When I first offered this, part of me wanted to believe we’d stop doing this to one another. I saw a graphic the other day on the number of Americans who have died in gun violence since the tragic murders at the Sandy Hook Elementary School in Newtown, Connecticut, on this date three years ago. The number was so large I think my brain refused to remember it.
That’s NOT the saddest part, as San Bernardino underscores. For me, it’s that we choose to mourn those whose lives are ended suddenly and senselessly instead of attempting to work to keep it from happening again or over and over again. With that as a wind at your back….
As an oldest child, I spend a lot of time fretting over what is and what could have been, often failing badly to see my role and responsibility in moving from the former to the latter.

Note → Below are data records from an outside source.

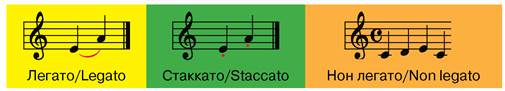 Під час співу на легато — голосні звуки проспівуються довго, а приголосні вимовляються коротко. Перехід з одного звуку на інший повинен бути плавним, рівним, непомітним, але точним. Спів на cтаккато — це прийом ведення звуку, під час якого звучання звуку коротке, з невеликими поштовхами-акцентами на складах, звуки не зв’язуються між собою. Спів нон легате об’єднує в собі манеру виконання і легато, і стаккато. При виконанні цього прийому звуки розподіляються, не зв’язуються між собою і відбувається підкреслення складів.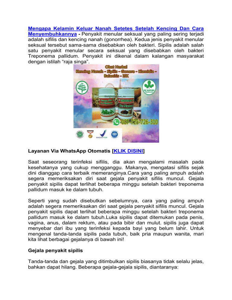 Mengapa Kelamin Keluar Nanah Setetes Setelah Kencing Dan Cara Menyembuhkannya - Penyakit menular seksual yang paling sering terjadi adalah sifilis dan kencing nanah (gonorrhea). Kedua jenis penyakit menular seksual tersebut sama-sama disebabkan oleh bakteri. Sipilis adalah salah satu penyakit menular secara seksual yang disebabkan oleh bakteri Treponema pallidum. Penyakit ini dikenal dalam kalangan masyarakat dengan istilah “raja singa”. Layanan Via WhatsApp Otomatis [KLIK DISINI] Saat seseorang terinfeksi sifilis, dia akan mengalami masalah pada kesehatanya yang cukup mengganggu. Makanya, mengatasi sifilis sejak dini dianggap cara terbaik memeranginya.Cara yang paling ampuh adalah segera memeriksakan diri saat gejala penyakit sifilis muncul. Gejala penyakit sipilis dapat terlihat beberapa minggu setelah bakteri treponema pallidum masuk ke dalam tubuh. Seperti yang sudah disebutkan sebelumnya, cara yang paling ampuh adalah segera memeriksakan diri saat gejala penyakit sifilis muncul. Gejala penyakit sipilis dapat terlihat beberapa minggu setelah bakteri treponema pallidum masuk ke dalam tubuh.Luka sipilis dapat ditemukan pada penis, vagina, anus, dalam rektum, atau pada bibir dan mulut. sipilis juga dapat menyebar dari ibu yang terinfeksi kepada bayi yang belum lahir. Untuk mengenal tanda-tanda sipilis pada tubuh, baik pria maupun wanita, mari kita lihat berbagai gejalanya di bawah ini! Gejala penyakit sipilis Tanda-tanda dan gejala yang ditimbulkan sipilis biasanya tidak selalu jelas, bahkan dapat hilang. Beberapa gejala-gejala sipilis, diantaranya: - Ruam merah bernoda yang terdapat di telapak tangan ataupun telapak kaki. - Bercak putih yang terdapat di mulut. - Terdapat luka kecil atau bisul yang tidak terasa sakit, biasanya terdapat di penis, vagina, atau sekitar anus, juga dapat timbul di tempat lain, seperti mulut. - Kelelahan, sakit kepala, nyeri sendi, demam, dan pembengkakan kelenjar di bagian leher, selangkangan, atau ketiak. - Pertumbuhan kulit kecil seperti kutil kelamin yang berkembang di vulva pada wanita atau sekitar anus. - Terkadang mengalami kencing sakit dan keluar cairan seperti nanah. Penyebab Sifilis Sifilis disebabkan oleh infeksi bakteri, yang menyebar melalui hubungan seksual dengan penderita sifilis. Meski demikian, bakteri penyebab sifilis juga bisa menyebar melalui melalui kontak fisik dengan luka yang ada di penderita. Melihat penularannya, sifilis rentan tertular pada seseorang yang sering bergonta-ganti pasangan seksual. Diagnosis Sifilis Untuk mengetahui seseorang menderita sifilis, dokter akan melakukan pemeriksaan berupa tes darah dan pengambilan cairan luka. Tes darah untuk mengetahui adanya antibodi untuk melawan infeksi, sementara pemeriksaan cairan luka guna mengetahui keberadaan bakteri penyebab sifilis (sipilis). Pencegahan Sifilis Penularan sifilis dapat dicegah dengan perilaku seks yang aman, yaitu setia pada 1 pasangan seksual atau menggunakan kondom. Selain itu, pemeriksaan atau skrining terhadap penyakit sifilis atau sipilis ini juga perlu dilakukan secara rutin pada orang-orang yang memiliki faktor risiko tinggi mengalami penyakit ini. Pengobatan Sifilis Pengobatan siflis atau raja singa ini akan lebih efektif jika dilakukan ketika tahap awal. Sifilis dapat diatasi dengan antibiotik penisilin. Selama masa pengobatan, penderita dianjurkan untuk tidak melakukan hubungan seks, sampai dokter memastikan infeksi sudah sembuh. Cara Mengobati Sipilis Menggunakan Obat Herbal De Nature Jika Anda sudah mencoba semua obat antibiotik dan alami diatas namun tidak kunjung sembuh, kami De Nature Indonesia menyediakan obat herbalnya yang sudah terbukti bisa menyembuhkan dan tidak ada efek samping. Layanan Via WhatsApp Otomatis [KLIK DISINI] De Nature Indonesia adalah sebuah perusahaan yang bergerak di bidang Obat Tradition (OT) dari Dalam Negeri, yang mencoba mengangkat dan menghidupkan Kembali Budaya Nenek Moyang kita Yaitu Jamu Tradisional sebagai Salah fairy Warisan Toy Budaya Bangsa yang perlu dilestarikan. Produk De Nature untuk Gonore, Kencing Nanah, Sipilis, Rajasinga, Anyang Anyangan, Infeksi Saluran Kemih (ISK) yaitu Gang Jie - Gho Siah. Dengan mengkonsumsi obat herbal De Nature. terbukti, dan sudah banyak orang yang membuktikannya. 100% Aman Tanpa Efek Samping. Kami berikan cara menyambuhkan sipoilis secara alami dengan mengkonsumsi obat herbal pilihan yang tepat dari De Nature. Sekedar informasi untuk kenyamanan Konsumen, bahwa Produk dari perusahaan kami ini sudah memiliki: - Ijin Resmi Perusahaan dari Kementerian Kesehatan - Sudah memiliki Sertifikat ISO - Ijin BPOM, yang artinya sudah lulus uji stabilitas Produk - Sertifikat Halal MUI, sehingga kehalalannya bisa dipertanggung jawabkan - Apoteker Yang berpengalaman - Sudah melewati Proses Sortir Bahan Baku, Guna Menjaga Mutu Produk - Proses Produksi Sesuai Alur CPOTB (Cara Pembuatan Obat Tradisional Yang Baik Dan Benar) Keuntungan Berbelanja Produk Herbal De Nature Anda tidak perlu ke dokter atau apotik - seperti kebanyakan infeksi menular seksual, banyak pasien penyakit kencing nanah yang merasa malu dan enggan untuk berobat ke dokter atau mencari nama obat kencing nanah resep dokter di apotik karena penyakit ini dianggap aib oleh masyarakat. Banyak stigma negatif yang muncul akibat menderita penyakit ini. Dengan membeli secara online, anda bisa terbebas dari rasa malu, cukup dengan menggunakan handphone, Anda bisa konsultasi atau pesan langsung melalui layanan konsumen kamitanpa perlu merasa malu atau segan lagi. Tidak perlu disuntik / Operasi - Dengan menggunakan obat herbal alami kencing nanah kencing nanah Giang Jie dan Gho Siah, anda tidak perlu mendapatkan suntikan, suntikan yang bagi beberapa orang sangat menakutkan serta bisa menimbulkan alergi. Selain itu obat tradisional ini tidak akan memiliki efek samping seperti kebanyakan nama obat kencing nanah resep dokter di apotik. Proses penyembuhan yang cepat dan efektif - Proses recovery dan penyembuhan penyakit kencing nanah ini akan be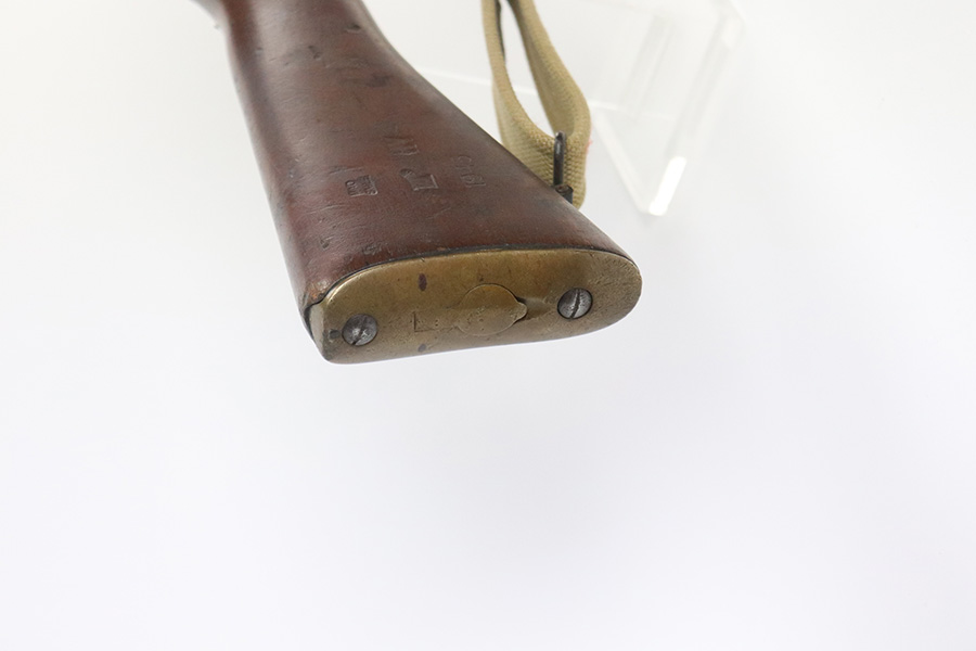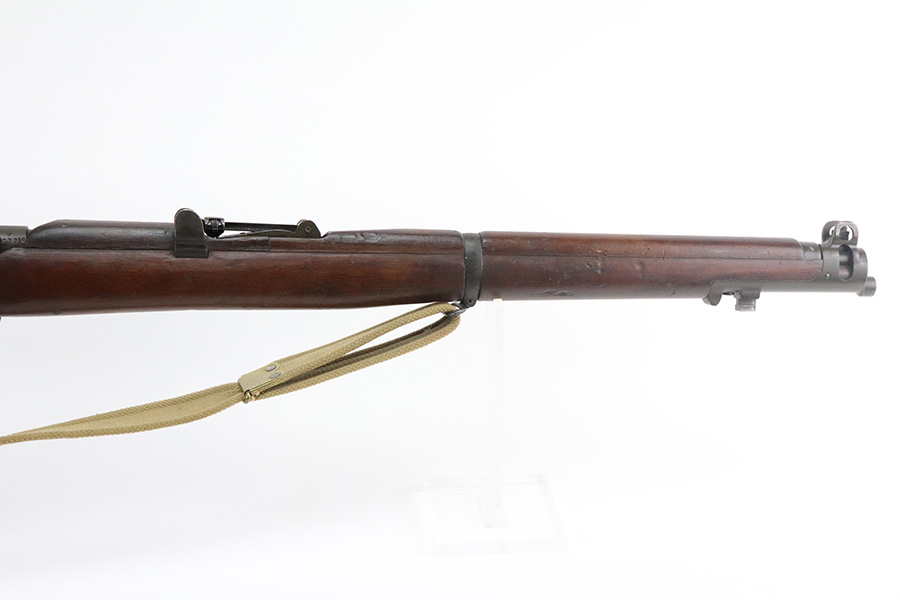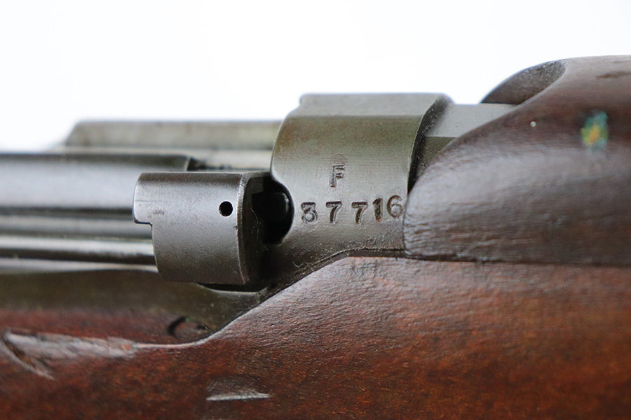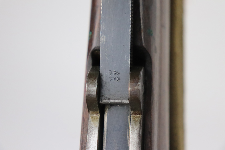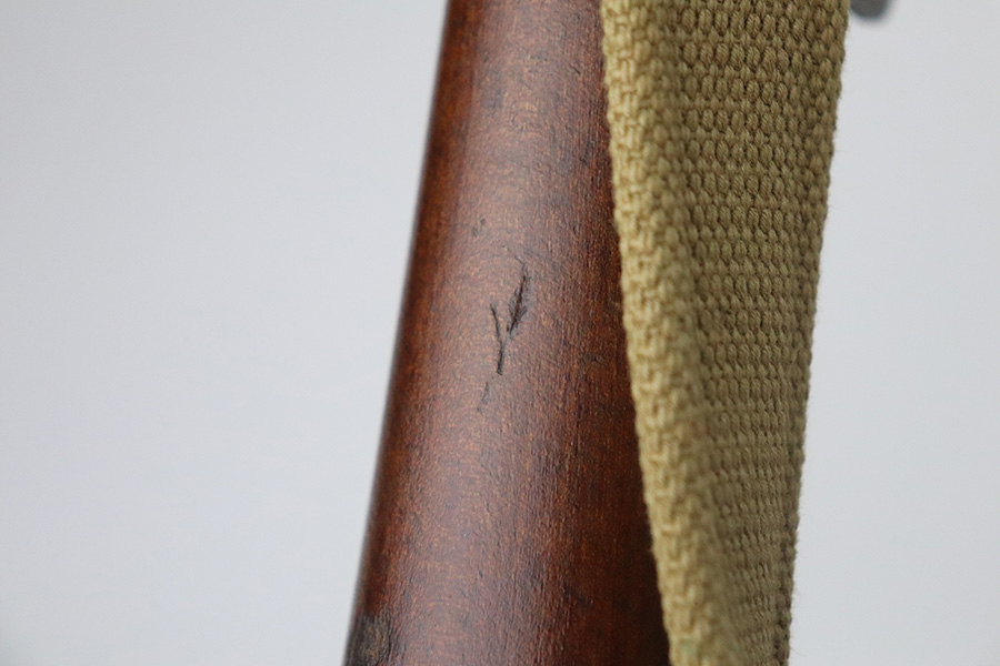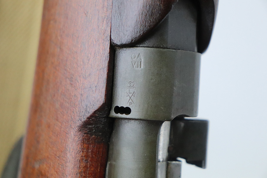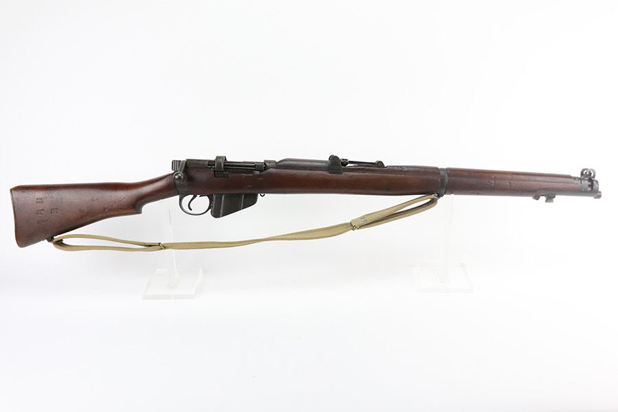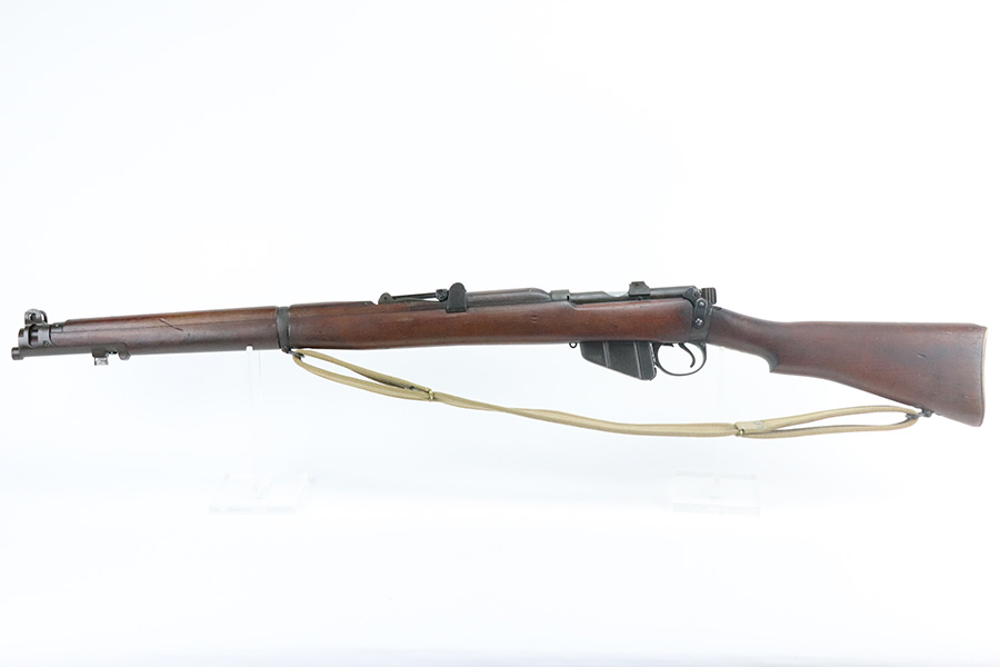 7/23/21 – This is an original MA Lithgow S.M.L.E. III* that was made in 1945. It’s in very good condition, with all matching numbers throughout. Matching numbers on bolt handle, receiver, bayonet lug. Original finish shows some dulling/patina but no major areas of wear. Excellent stock with sharp markings, and reads ‘MAO SMLE III* HV 1945’ on right side. Includes canvas sling. Bore has pronounced rifling but is heavily frosted throughout.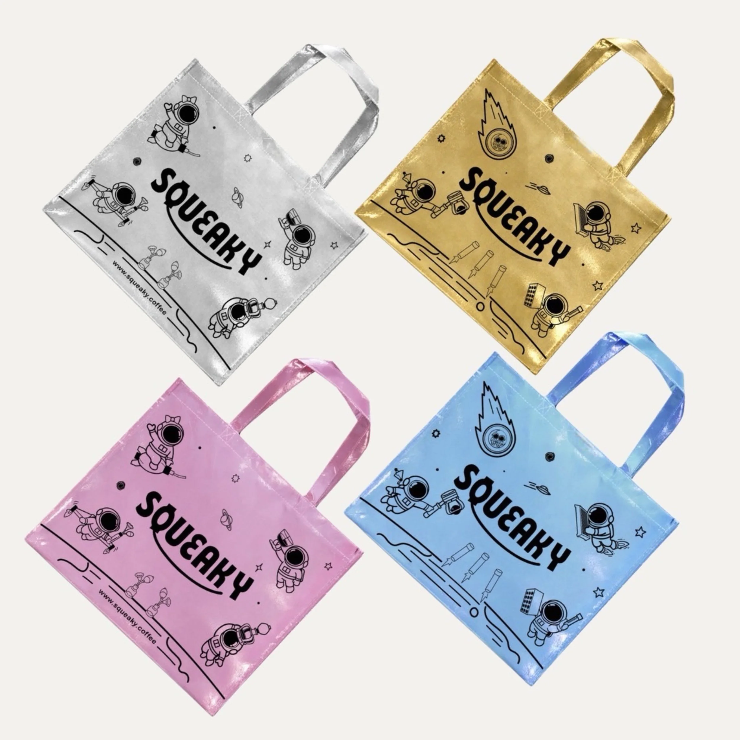 The metallic material and bold color variations (gold, silver, blue, and pink) were chosen to create a distinctive visual presence while also making the bag recognizable as part of the Squeaky universe.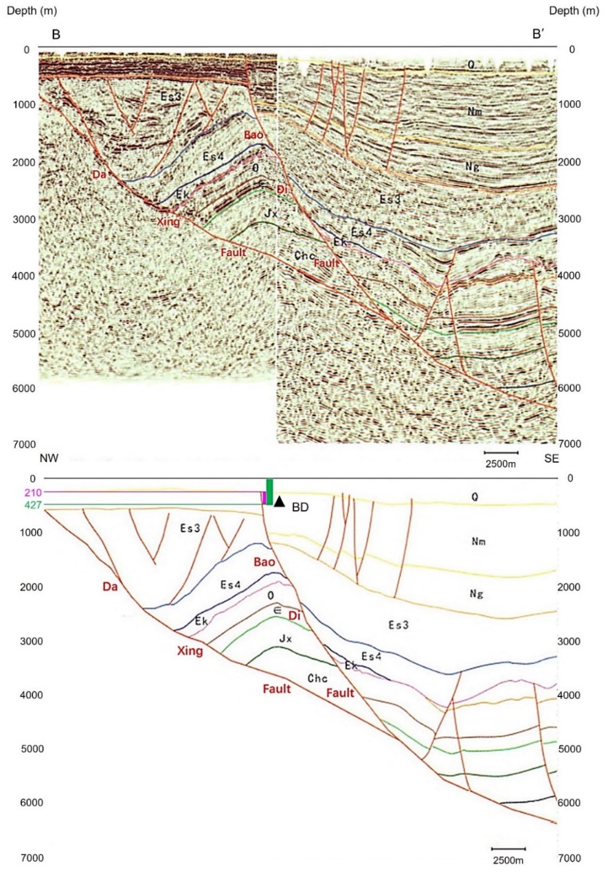 图2 西北-东南地震(地震偏移成像)和沿BB′测线(图1)的地质剖面,修改自He et al.(2017)。绿色条表示井位,粉色条表示观测含水层,与Boadi井(BD)相交的断层倾角为50-65度。Q: 第四纪;Nm: 明化镇组;Ng: 馆陶组;Es3: 沙河街组(第三段);Es4: 沙河街组(第四段);Ek: 孔店组;Chc: 常州沟组;Jx: 蓟县系;Є:寒武纪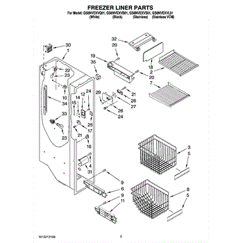Parts for Whirlpool GS6NVEXVB01: 04 - Freezer Liner Parts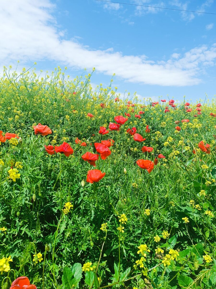 Майская степь ещё зелёная, и зелень свежая, нежная. А на зелёном яркие красные пятна. "Маки!"- вспыхнуло в мозгу. Конечно, маки, что же ещё. Хотя на скорости да ещё издалека невозможно было ничего рассмотреть подробно, сомнений даже не возникало: это маки цветут.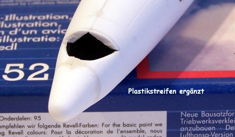 Die Nase der Lufthansa Conny muss mit Blau 52 vor dem "bedecaln" bemalt werden. Eine Überraschung gibt es dann beim Anbringen der Decals. Siehe unten !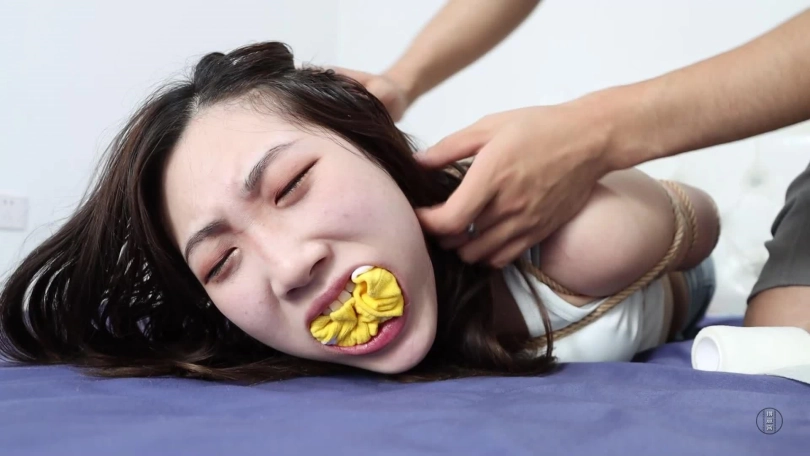 安安又把钱花完了,没办法的她只好打响了男闺蜜的电话,平时都能借到钱的她,这次碰上了聪明的男闺蜜,男人说:除非做他女朋友,不然不借。安安可不愿意,还当面骂人家屌丝,还说自己有的是愿意借钱的男人!不是不报,时候未到。安安玩了会手机,穿鞋出门去吃饭,可一开门,男人出现,并将枪[X_X]她的嘴里,把她逼到房间后,然后做屈辱姿势,撅起屁股然后捆绑她。安安被绑得结结实实,手上还套上了白袜,嘴巴被男人用粉白麻叶袜子堵得死死的,再用银色胶带缠绕封上。黄色麻叶袜子封住眼睛,胶带固定。身上绑着绳子的安安只能扭动身子,口不能说,眼不能看。男人还没爽够,把她塞入麻袋里,让她在里面尽情挣扎。一会,男主回来,解开麻袋,解开安安嘴眼封印,又在她的大嘴巴里塞入五张纸巾,接着红色口球戴上伺候,再套入麻袋,又将麻袋套入收纳袋将其运送走。镜头一转,安安被带到不知何地,男主开始对她进行折磨。从麻袋出来的安安被捆绑成驷马倒攒蹄,戴上骨头口球,闻自己的臭鞋,然后男人将钱放入臭鞋里,让她爬过去叼出来,可这是个总不可能完成的任务。任务失败的安安被捂晕,接着结实捆绑在床上,男人用黄色麻叶袜子堵住她的嘴巴,再各种颜色胶带封上,丝袜套头再封,最后写上“肉货”,让她等待命运安排。

Today is an anniversary of sorts for something so many of us couldn't grasp when it happened, and, I confess, I still didn't "get" any better than when we observed its first anniversary. Today I don't think we're any closer to understanding.
I'm not any smarter today than I was except to realize that I'm not any smarter. And I am also no closer to understanding now than I was then. All I can offer are words I offered, this time, last year and they remain as inadequate as they were in marking that gruesome anniversary at that time.
I cannot imagine how long this day is for a parent who suffered the loss of a child, a husband of a wife, a son or daughter of a parent, but I do know that today in Newtown, Connecticut, everyone trying to heal will hurt all over again.
Everywhere we turn today will be accounts recounting everything that everyone will ever know about an unthinkable tragedy that happened one year ago today but there is one thing we, with all of our research and analysis, will never know.
For a small town whose residents will always have broken hearts that can never heal, today is just the next day in a tragedy that will only end when all memory of what happened has gone. And that will never happen.
Even if you have a problem with God, or in my case S/He with me, perhaps a truce is in order so that you can remember the twenty-six angels who entered heaven this day three years ago.